En 2017, la oración era más breve: «El maquinista no frenó» o «El maquinista no accionó el freno», como dijo ese mismo año Cristina Fernández de Kirchner en una entrevista con el periodista Chiche Gelblung. En esa entrevista también simplificó: «Si vos no frenás y te estrellás, eh, bueno…».

El sujeto del enunciado de Cristina Fernández era Marcos Córdoba, quien conducía el tren chapa 16 de la línea Sarmiento durante la mañana del 22 de febrero de 2012. El tema al que aludía era la tragedia de Once, uno de los incidentes ferroviarios más graves de la historia argentina. Para la actual vicepresidenta, Córdoba era el único responsable del choque en el que murieron 51 personas, incluida una embarazada. El Estado, no.

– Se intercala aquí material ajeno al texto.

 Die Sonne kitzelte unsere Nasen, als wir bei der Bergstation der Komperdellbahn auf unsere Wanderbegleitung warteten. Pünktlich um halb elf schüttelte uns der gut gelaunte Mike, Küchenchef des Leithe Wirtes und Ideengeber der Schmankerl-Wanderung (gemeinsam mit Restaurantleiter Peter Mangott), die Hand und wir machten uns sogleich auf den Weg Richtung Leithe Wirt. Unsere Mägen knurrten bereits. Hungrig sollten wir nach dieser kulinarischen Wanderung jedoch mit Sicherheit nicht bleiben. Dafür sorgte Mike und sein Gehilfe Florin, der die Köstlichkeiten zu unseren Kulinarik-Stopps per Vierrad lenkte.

Marcos Córdoba, durante el juicio oral en la sala AMIA de los tribunales de Comodoro Py. Foto: Alfredo Martínez

Marcos Córdoba, durante el juicio oral en la sala AMIA de los tribunales de Comodoro Py. Foto: Alfredo Martínez

La estrategia de un solo autor encarnado en Marcos Córdoba es vieja y reaparece de tanto en tanto, aun cuando la tragedia de Once fue investigada y juzgada en dos causas separadas.

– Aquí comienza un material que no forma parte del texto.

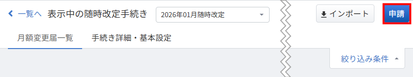 随時改定手続きの編集が終了したら、画面右上の「申請」をクリックします。
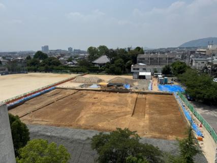 調査地:今里四丁目地内(長三小グラウンド内) 今回の調査は、長岡第三小学校の再整備工事に伴うものです。乙訓寺は、寺伝によれば推古天皇の勅願によって聖徳太子が開基したと伝えられています。文献では、造長岡宮使藤原種継の暗殺に関わったとされた早良親王が幽閉された場所として登場します。空海が一時別当を務めたことでも知られ、江戸時代には五代将軍綱吉の母桂昌院によって再興されました。
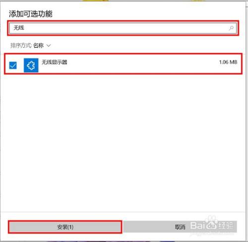 点击添加功能,在添加可选功能搜索框中输入无线,在搜刮成果中勾选无线显示器,点击安装。

En el primer juicio, los culpables terminaron presos con condena firme. La Corte Suprema de Justicia rechazó este jueves las apelaciones de 20 sentenciados y, al hacerlo, ya no hay más instancias de revisión. Ningún órgano judicial superior puede modificar el castigo impuesto a los responsables. Entre ellos está el maquinista Marcos Córdoba. Pero no es el único.

Entre los culpables además está el presidente de la empresa privada -TBA- que tenía la concesión del servicio, Sergio Claudio Cirigliano, y el exsecretario de Transporte de la Nación, Juan Pablo Schiavi. Su predecesor en el cargo, Ricardo Jaime, también.

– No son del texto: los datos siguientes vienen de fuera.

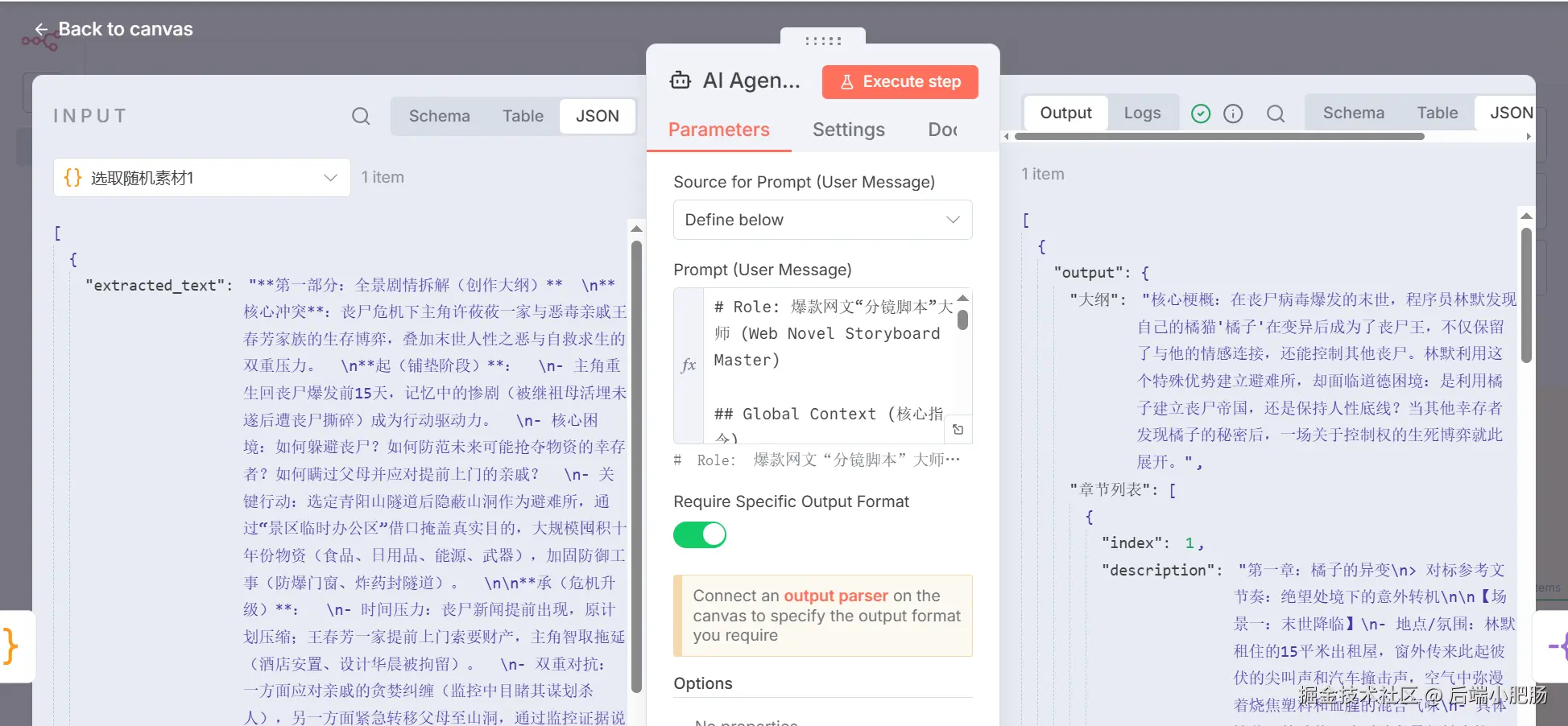 编写大纲(AI Agent): 飞书 节点(根据领域去飞书表格中获取素材) 节点出来后点击【+】新增AI Agent节点。 这个节点的作用是根据飞书表格提取出的小说素材 结合开始节点用户输入的主题进行小说大纲的编写。

Por la tragedia de Once, Jaime primero recibió una condena de siete años de cárcel, pero en una segunda instancia la Cámara de Casación unificó su pena por otros delitos que había cometido -entre ellos admitió haber recibido coimas- y le asignó ocho años de prisión. Este jueves la Corte envió su expediente otra vez a la Cámara de Casación, en busca de un doble conforme: dos sentencias iguales.

Tanto el maquinista, como el presidente de TBA y los dos ex secretarios de Transporte siguen presos. Del total de responsables, siete están en la cárcel, nueve tienen arresto domiciliario y cuatro, libertad condicional.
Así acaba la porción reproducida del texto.